We journeyed back to London just as the leaves were turning to rich reds and yellows and the air was cool and crisp. Peasants in the villages we passed through brought us apples, I remember, and the sweet taste of them was a pleasure to me. I tried my best to savor the pleasures of those days, and to keep my spirits buoyant, knowing how the king disliked it when I showed even the least sign of dejection. I tried to look forward to seeing Jonah again—I had not thought it wise to take him along on progress—and to rejoining my full household. But I could not help worrying. I was failing in my chief task as queen. I could not help but bear the stigma of my failure. And I had to find a way to overcome it, and soon.

On All Hallows’ Eve I noticed my husband limping more heavily than usual, and grimacing with each step. The following morning he did not get out of bed, but lay where he was, the stink of his sore leg strong about him.

“Shall I call for Dr. Chambers and Dr. Butts?” I asked him.

He waved his hand no, and sent me away. He did not speak, his breath was rasping in his throat.

I did not want to anger him, so I left the room but alerted Master Denny who went in at once to do what he could for him.

Hour after hour his condition worsened (Master Denny kept me informed) until by late afternoon the physicians were sent for. Soon the entire court knew that my husband was once again suffering from a painful eruption from his ulcer, and prayers were being said every hour in the palace chapel for his recovery.

Somewhat to my surprise, Master Denny came to tell me, on the following day, that my husband had ordered me to leave Whitehall for Greenwich.

“He wants you to travel downriver on your barge,” I was told. “Enjoy your journey. Invite your favorite companions. Feast yourselves!”

“But how can I do that when he is here suffering?”

Master Denny leaned lower to talk to me quietly. “He doesn’t want you to see him in his suffering state. He wants to spare you the sight of all that.”

“But I have never asked to be spared. He has my sympathy.” And it was true. Though it was also true, I must confess, that my hopes were raised—my hopes that my marriage to the king would soon turn to widowhood.

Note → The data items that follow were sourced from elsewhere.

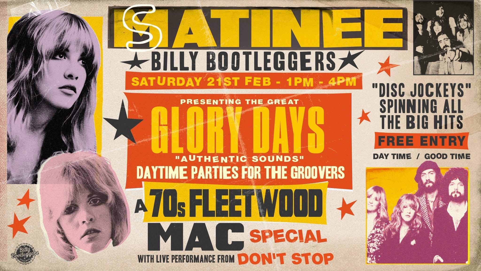 We're taking you back to the Glory Days of music with our Disc Jockeys spinning all the biggest and best 70s Fleetwood Mac hits!!
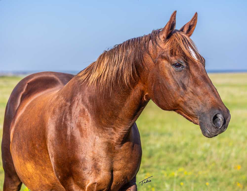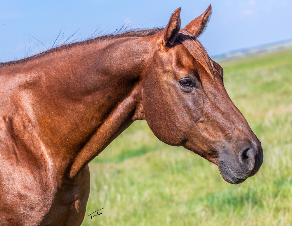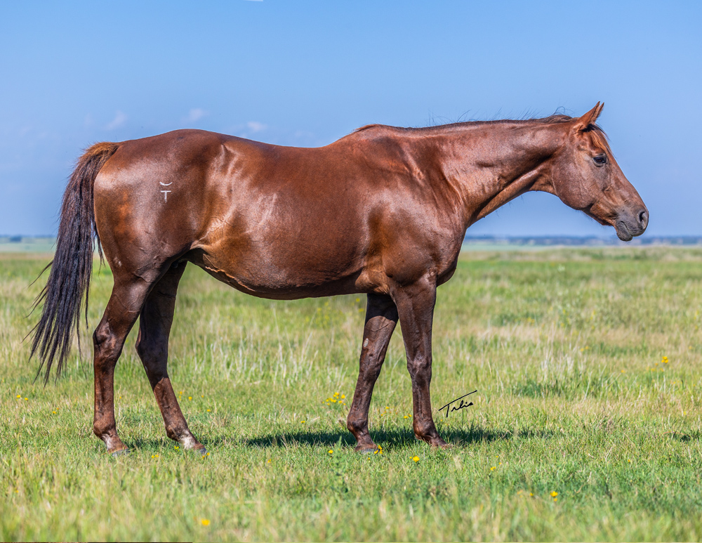A new addition to our breeding program, "Tracey" is a AAA Race Winner with $14,059 LTE and daughter of the legendary Tres Seis (SI-97 LTE $856,901, leading broodmare sire with offspring earnings in excess of $39.7 Million) out of a daughter of American Quarter Horse racing’s most prolific stallion, First Down Dash (SI-107 LTE $857,256). In foal to TPR StreakN Goldmine for a 2026 foal.
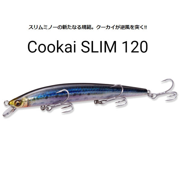 Cookai SLIM 120 は、港湾や河口、サーフ、干潟などショアからのシーバスゲームにおいて幅広く対応するハイレスポンス・スリムミノー。極限までスリムに突き詰めたボディ設計と、抵抗を徹底低減した極小のチップビルにより、低水圧でもしなやかなタイトピッチ・ロールアクションを発生。リアルベイトのような極細の線光明滅を放ち、食い渋るモンスタ-のバイトを誘います。また、スリムボディに搭載された、2つの高比重タングステンウエイトにカーボンスチールボールを加えた3連重心移動により、圧倒的なロングキャスタビリティを発揮。荒天時の逆風・強風下においてもロングディスタンスアプローチを可能にし、従来の同サイズミノーを遥かに上回る驚異的な飛距離を叩き出します。匠の技術が生み出した究極のスリムミノー、Cookai SLIM 120がシーバスゲームの新たな一手を切り拓きます。
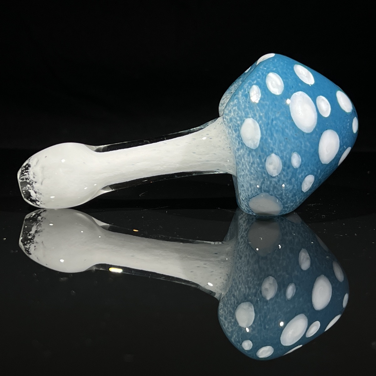 Shrink your fears with this Blue Mushroom Glass Pipe! This Blue Mushroom Glass Pipe is styled after an Amanita Muscaria, with its iconic colorful cap and white spots, as well as its long slender stem. This pipe has a deep finger sized bowl that you can load up with your favorite flower, though we don’t recommend throwing fireballs to light it! The left side features a large carb, placed well away from the bowl to keep your fingers safe and comfy. A flared round mouthpiece makes for a comfortable smoke, and helps give your fingers something to lock into for a solid grip.
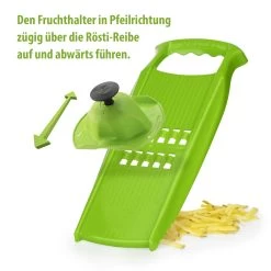 In Kombination mit dem mitgelieferten Fruchthalter koennen Sie ruckizucki sowohl rohes als auch gegartes Gemuese zu Roesti-Schnetzel verarbeiten.
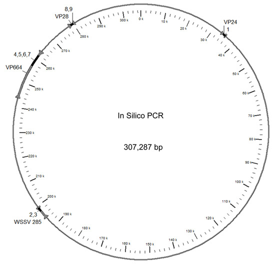 This study analyzed a variety of primers designed to detect WSSV to evaluate its performance in silico. As shown in Figure 1, these primers target the following regions of the WSSV genome: ORF WSV058 (encoding for the structural protein VP24), ORF WSV285 (according to sequence AF332093 from China), ORF WSSV419 (encoding for the protein VP664), and ORF WSSV480 (encoding for the structural protein VP28). Interestingly, even though it has been suggested that the putative function of the protein encoded by ORF285 might be similar to that of VP28 [], this still needs to be confirmed.
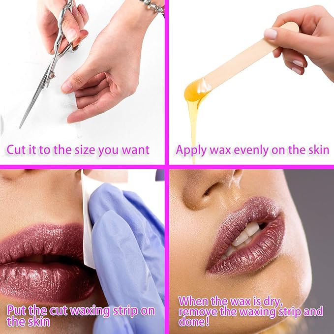 - ✔EASY USE: Apply the hair removal wax strips to the area with hot wax that making sure it's firmly pressed to skin and then pull the strip in the opposite direction of the hair growth staying close and parallel to the skin.
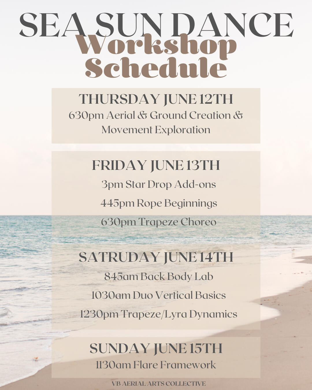 Special events & series cannot be rescheduled and do not offer make-ups. You man cancel for a full refund up to 7 days prior to the event start date (or starting date of the series). If cancelling within 7 days of the event start date (or starting date of the series) there are no refunds, no exceptions. No-shows will not be refunded, no exceptions. Please contact us if you need to cancel at vbaerialarts@gmail.com.
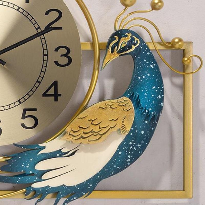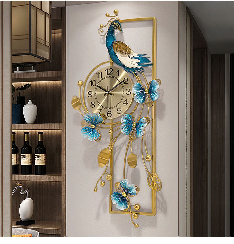 Horloge Murale Moderne Salon Horloge Créative Paon en Métal Horloge Silencieuse Atmosphérique en Fer Forgé à Suspendre
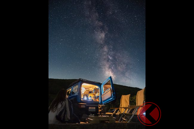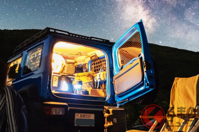 スズキ最強SUV「車中泊仕様」爆誕! 究極の「マイルーム」が凄い! 「ジムニーシエラ」カスタム&満天星空がスゴすぎた!
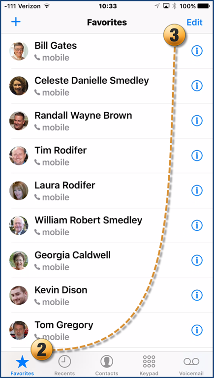 Open the PHONE app and select Favorites located at the bottom left corner of the screen (2). Press Edit (3) in the upper-right corner of the screen.
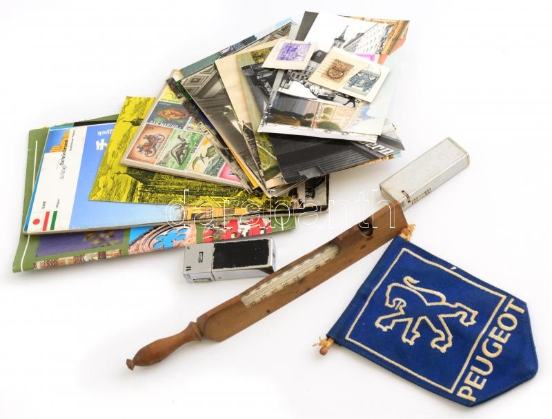 Leírás: Kis bolhapiac tétel, kb. 50 db képeslap, fotó, öngyújtó, fotó, bélyeg, stb.
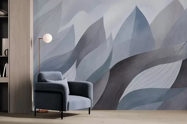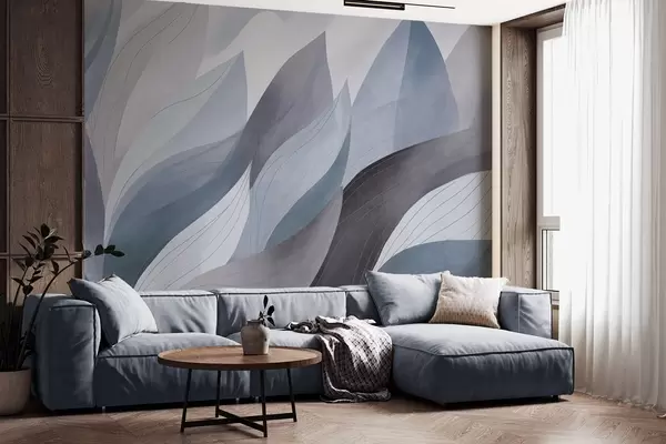 Fototapeten Abstrakte Blätter, gedämpfte Erdtöne in Blau mit zarten Liniendetails, weiche Aquarelltextur N° w09736v1
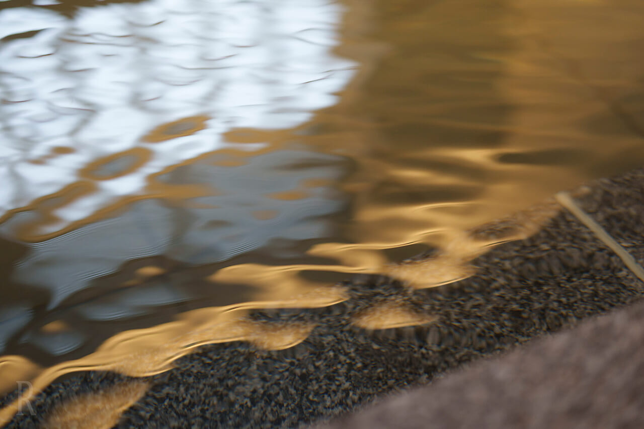 小川のせせらぎのように湯が流れ、足元を温めて日常の疲れを癒します。 -
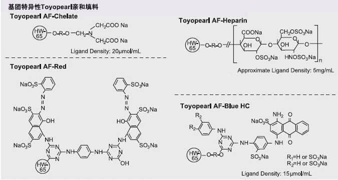 Toyopearl AF-Red-650M填料結(jié)合了普施安紅HE-3B(又稱活性紅120)。這種填料用于純化核苷酸依賴酶,脂蛋白,纖維蛋白溶酶原,多肽,激素和細胞毒素。
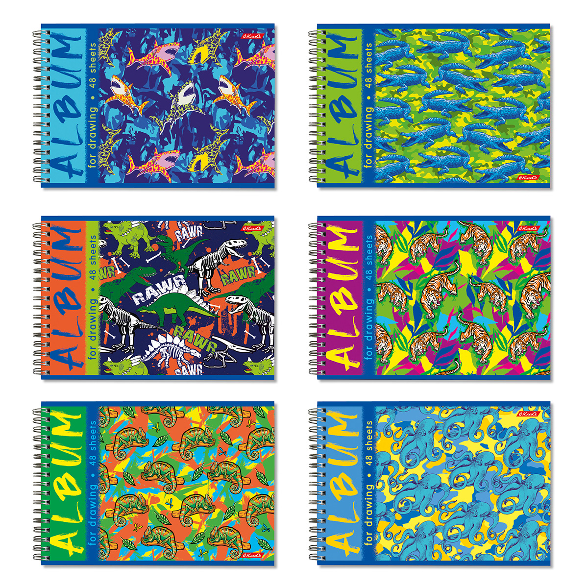 Формат А4 . Вид скрепления - гребень. Обложка из мелованного картона плотностью 190 г/кв. м. Альбомы упакованы в термоусадочную пленку по 6 штук - 1 альбом каждого дизайна.
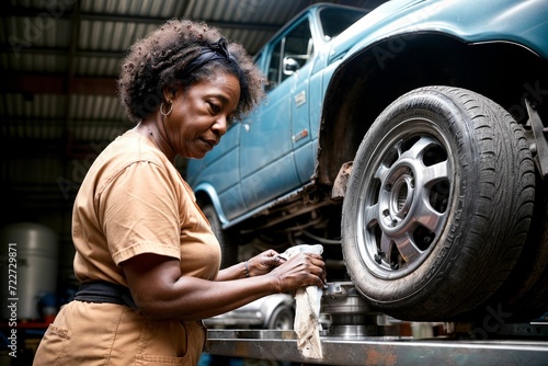 A female mechanic fixing a car or engine, displaying joy and enthusiasm in her work, making maintenance look like a delightful and enjoyable activity.
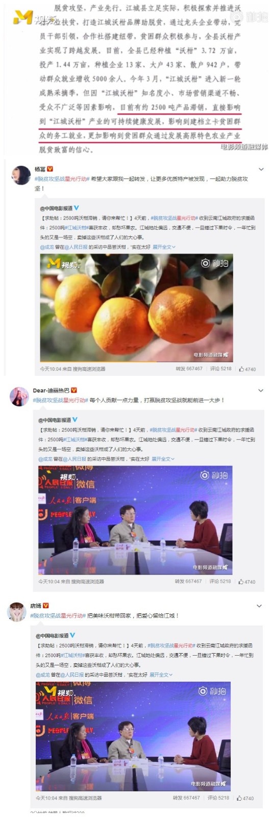 Dispatch of 1905 films net now, chinese film story releases appeal post: "2500 tons of fertile mandarin orange are slow-moving, ask you to help! " it is reported, 4 days ago, get Yunnan Jiangchen government recourse correspondence: Happy event of fertile mandarin orange of 2500 tons of Jiangchen reaps a bumper harvest, however anxious bad fruit grower. Jiangchen is located in out-of-the-way, traffic inconvenience, once miss next fruit season, a year of busy in the end is all in vain, sold these fertile mandarin orange to become the big worry of people. This is stuck after giving out, get be responsed actively of a lot of star, the numerous star such as Yang Mi, Zhang Yuqi, Li Yifeng, Chen He, Zheng Kai, Tang Yan, Dilireba active transmit is bought, the fruit grower that is Yunnan Jiangchen people dissolve an extremely urgency, also answer everybody to aid force to take off battle of deficient assault fortified positions together.

As queen I had my own barge, a brightly painted, beflagged vessel rowed by twenty-six bargemen. There were twenty other servants to spread rushes on the deck and scent them with rosemary and clean the small interior chambers, laundresses to wash the curtains that provided privacy and cooks to prepare the modest collations I was expected to offer to my guests. I had hardly ever had an opportunity to even go aboard my barge, let alone ride in it for an extended trip, but it seemed that now was the moment. Besides, I thought—uncharitably, given my husband’s condition—besides, I could take Tom with me.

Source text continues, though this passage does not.